Je vais commencer par une note très positive : la salle. Je ne connaissais pas la salle Adyar, et c'était une agréable surprise ; c'est vrai que lorsqu'on est mal installé, le spectacle peut perdre un peu de son charme (mais pas toujours ; ce n'est pas non plus le plus important). Ici, les fauteuils sont, je pense, les plus confortables que je connaisse ... 

Mais ce n'est pas le principal. On assiste ici à un opéra-comique, à partir de l'histoire de l'Ingénu, de Voltaire. Les acteurs sont très bons, autant en tant que comédien que chanteur ... Celle qui joue Mlle de Saint-Yves, notamment, a une voix absolument sublime. C'est vraiment agréable d'entendre des voix douces et contrôlées ainsi, et surtout du soprano. Bref, pour l'instant, tout va bien.

La mise en scène est peut-être un peu trop simpliste à mon goût. Les acteurs entrent et sortent, et s'agitent un peu entre temps. Mais ils ont cru bon de donner à Mme Kerkabon un aspect un peu "alcoolique - femme séductrice" qui ne lui est pas du tout essentiel ; et qui même ne correspond pas du tout à sa personnalité, il me semble.

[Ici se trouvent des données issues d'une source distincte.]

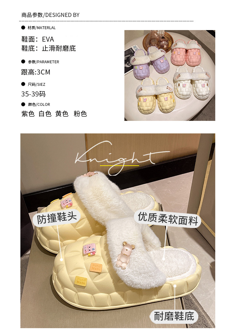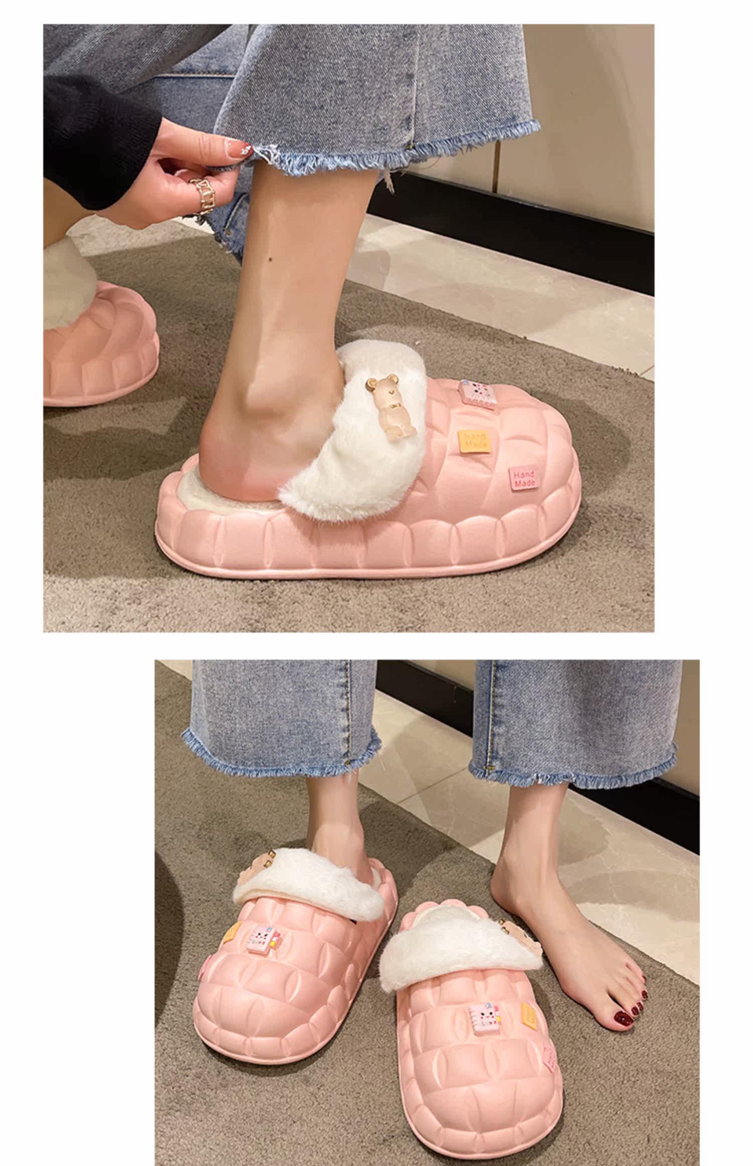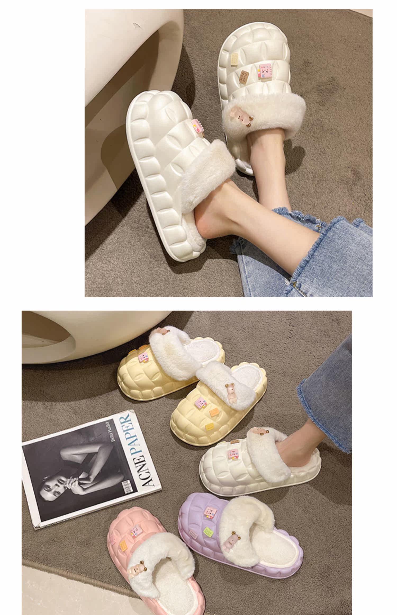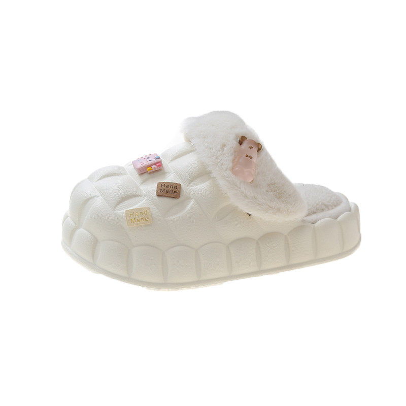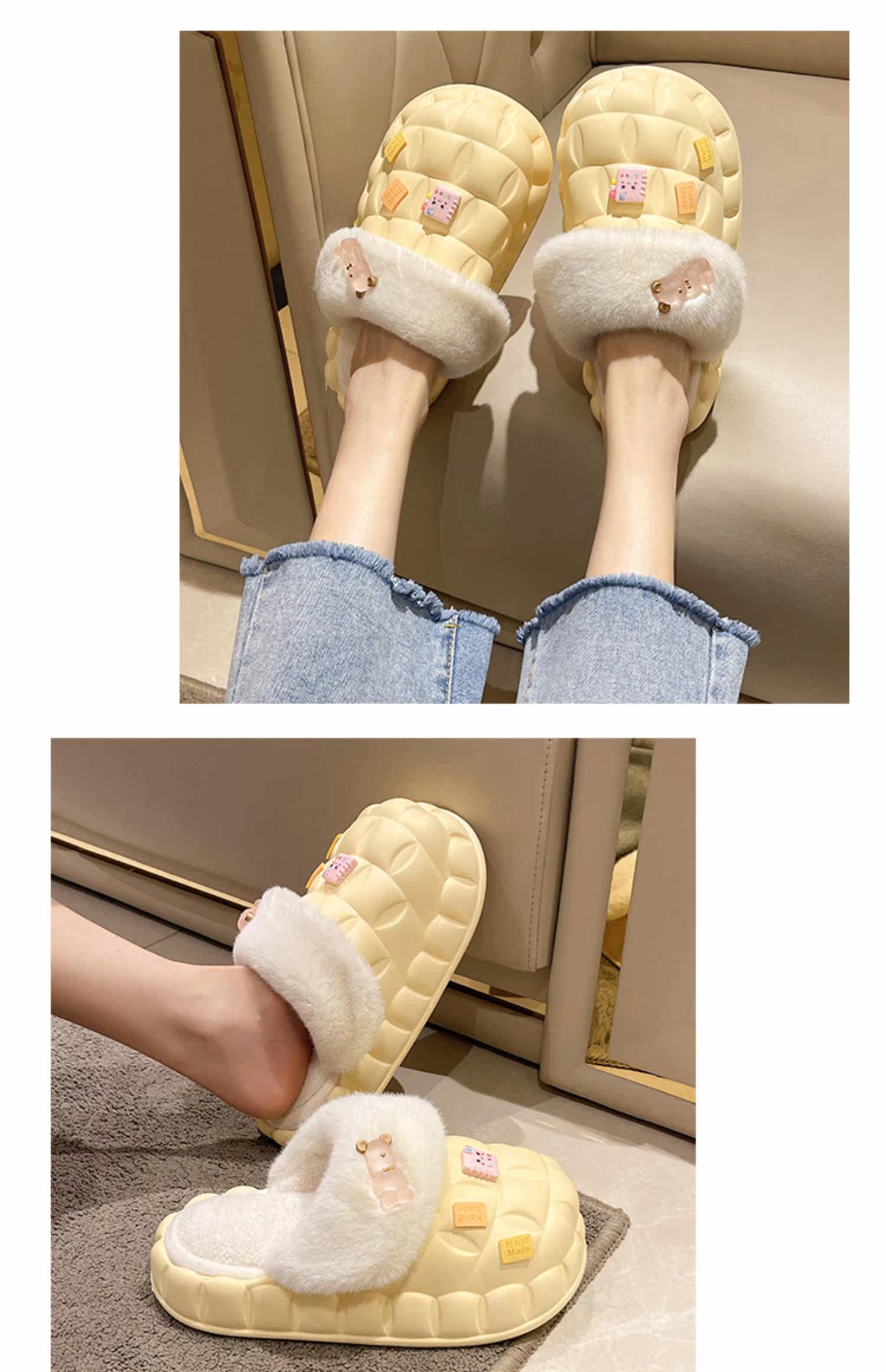Тапочки, высокая флисовая удерживающая тепло нескользящая демисезонная обувь на платформе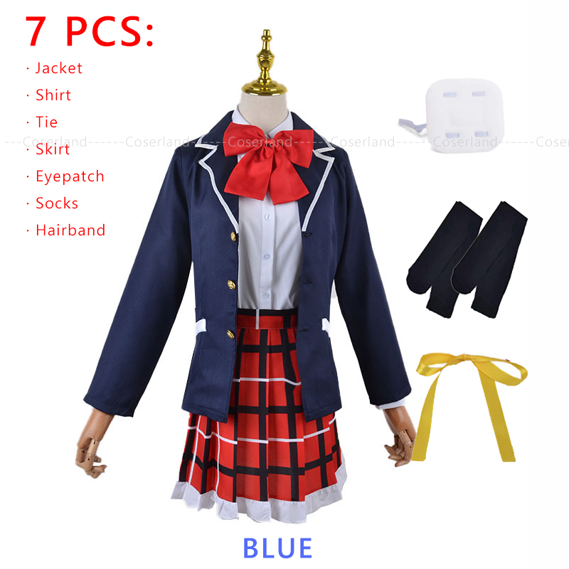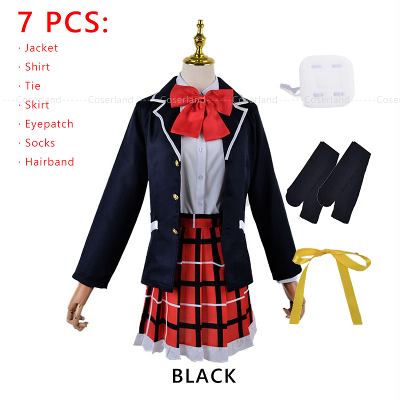 Костюм для косплея Rikka Takanashi с нашивкой на глаза, короткий темно-фиолетовый черный парик из аниме «Love Chunibyo Chuunibyou demo Koi ga Shitai»

Mais ce qui m'a surtout gâché la représentation, c'est l'histoire. Je m'attendais à retrouver un conte que je connaissais bien. L'histoire du Huron, dit l'Ingénu, qui arrive en Bretagne par un bateau anglais, et en qui les Kerkabon reconnaissent un neveu perdu. L'Ingénu exprime alors son désir d'épouser celle qui est devenue sa marraine, la belle Saint-Yves. Mais il devra affronter bien des choses avant de pouvoir mener à bien ce qu'il veut.

Il faut savoir qu'une adaptation, ça peut être délicat. Pourtant, on en connaît de très bonnes : par exemple, pour L'Ingénu, roman dont est tirée la pièce, j'ai vu une excellente adaptation, de Jean Cosmos, il y a quelques années. L'histoire, les lieux, les personnages, tout était respecté. Ici, ce n'était pas le cas. N'oublions pas toutefois que Voltaire a autorisé Marmontel à faire de son conte un opéra-comique. Celui-ci a coupé largement l'histoire : elle est normalement partagée en deux parties, dont l'une est gaie et la seconde plus triste, et qui chez Voltaire se finit mal. Ici, tout est bien qui finit bien, ce qui enlève du charme à l'histoire (je trouve que passer du rire au larme peut être une bonne chose ...). De plus, le metteur en scène a situé l'histoire en mai 68, ce qui est absolument ... abérrant ! Où est l'utilité ? Pourquoi a-t-il fait ça ? Pas de réponse. Dommage.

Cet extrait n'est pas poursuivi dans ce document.